PROVIDED MATERIAL:
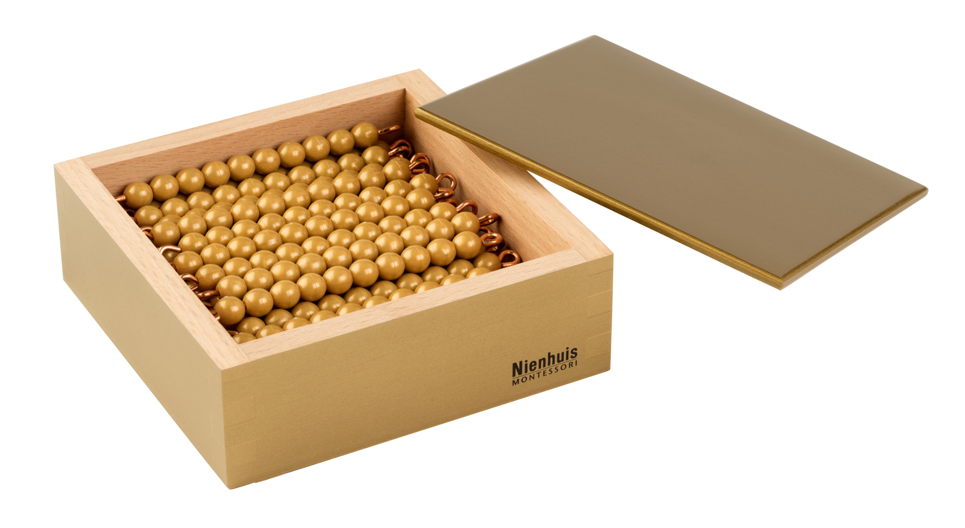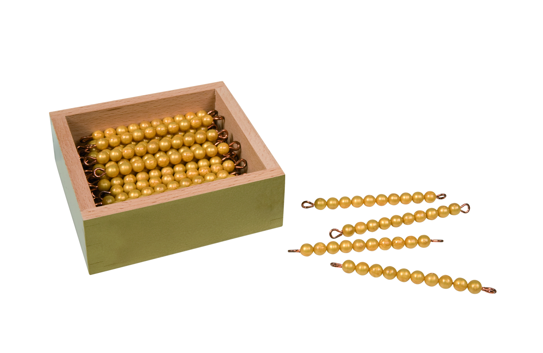 45 guldfärgade nylonpärlstavar om 10 pärlor vardera med guldfärgad trälåda samt tillhörande lock. Visar på ett konkret och tydligt sätt ett tiotal. Genom att känna och uppleva 10-pärlstaven i handen tränas muskelminnet kring hur mycket talet 10 är. Kombinerat med sifferkorten tränas att förknippa den konkreta kvantiteten med motsvarande tal. När man jämför 1000-kuben med 100-plattan, 10-talsstavar och entalsguldpärlor tränas positionssystemet. Från 6 år.
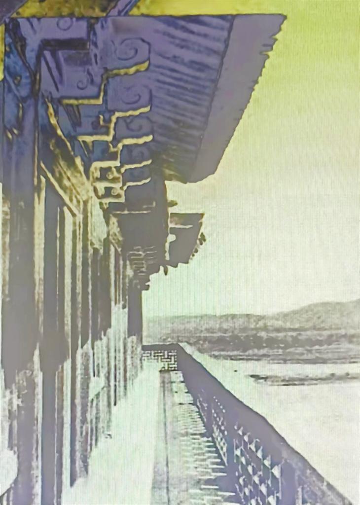 林競《西北叢編》一書載,其與蘭州友人于1919年2月7日出游雷壇河臥橋,“橋長十余丈,其形如弓,橋上蓋屋,足蔽風(fēng)雨,五彩繪畫,兩端有坊,東曰‘空中鰲背’,西曰‘天上慈航’,橋底無墩,自遠(yuǎn)望之,宛如臥龍。”林競還詳細(xì)記錄了蘭州雷壇河臥橋的建造方法,并對之科學(xué)性表示肯定:“聞此橋原來有墩,因某年山洪爆發(fā),被其沖毀,自是始改今式。其法,先將兩岸之橋基筑好,以數(shù)丈長之巨木直列成排,復(fù)以橫木連之,木材之?dāng)?shù),依橋之寬狹而定,其前端伸出橋中約二三尺,其后端即以巨石壓之,如是疊架不已,每加一層,即前端伸過下層數(shù)尺,如倒掛之階梯然。而層與層之間,復(fù)聯(lián)以鐵環(huán)及釘木,迨兩岸相距不遠(yuǎn)時,即以巨木渡之。此種構(gòu)造,在西北往往因河水湍急,不能筑墩,或游牧之民,不知在河中建筑橋墩之法而始用之。然亦甚合於力學(xué)原理,未可忽視也。”
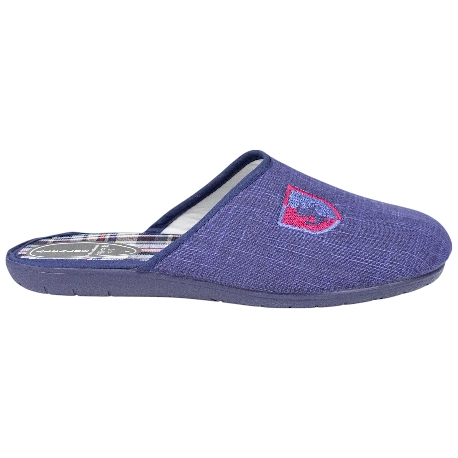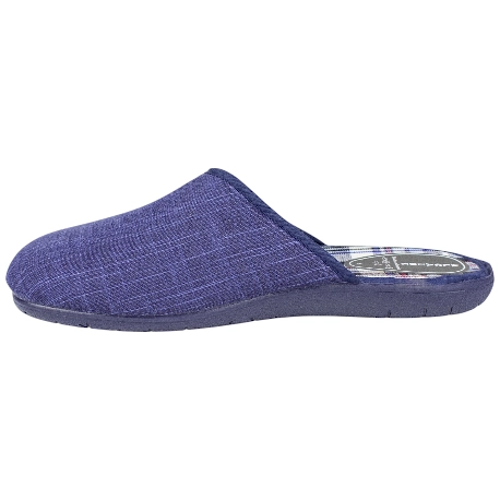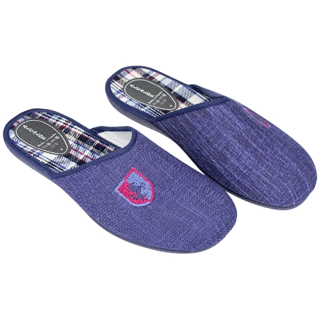 Zapatillas de estar por casa para chicos, hechas con telas frescas, en color azul marino. Son cómodas y la suela plana de goma le da buen agarre.

WHAT THIS TASK INVOLVES: An exact reproduction of the material is needed, without its images.

EXPECTED ANSWER:
 45 guldfärgade nylonpärlstavar om 10 pärlor vardera med guldfärgad trälåda samt tillhörande lock. Visar på ett konkret och tydligt sätt ett tiotal. Genom att känna och uppleva 10-pärlstaven i handen tränas muskelminnet kring hur mycket talet 10 är. Kombinerat med sifferkorten tränas att förknippa den konkreta kvantiteten med motsvarande tal. När man jämför 1000-kuben med 100-plattan, 10-talsstavar och entalsguldpärlor tränas positionssystemet. Från 6 år.
 林競《西北叢編》一書載,其與蘭州友人于1919年2月7日出游雷壇河臥橋,“橋長十余丈,其形如弓,橋上蓋屋,足蔽風(fēng)雨,五彩繪畫,兩端有坊,東曰‘空中鰲背’,西曰‘天上慈航’,橋底無墩,自遠(yuǎn)望之,宛如臥龍。”林競還詳細(xì)記錄了蘭州雷壇河臥橋的建造方法,并對之科學(xué)性表示肯定:“聞此橋原來有墩,因某年山洪爆發(fā),被其沖毀,自是始改今式。其法,先將兩岸之橋基筑好,以數(shù)丈長之巨木直列成排,復(fù)以橫木連之,木材之?dāng)?shù),依橋之寬狹而定,其前端伸出橋中約二三尺,其后端即以巨石壓之,如是疊架不已,每加一層,即前端伸過下層數(shù)尺,如倒掛之階梯然。而層與層之間,復(fù)聯(lián)以鐵環(huán)及釘木,迨兩岸相距不遠(yuǎn)時,即以巨木渡之。此種構(gòu)造,在西北往往因河水湍急,不能筑墩,或游牧之民,不知在河中建筑橋墩之法而始用之。然亦甚合於力學(xué)原理,未可忽視也。”
 Zapatillas de estar por casa para chicos, hechas con telas frescas, en color azul marino. Son cómodas y la suela plana de goma le da buen agarre.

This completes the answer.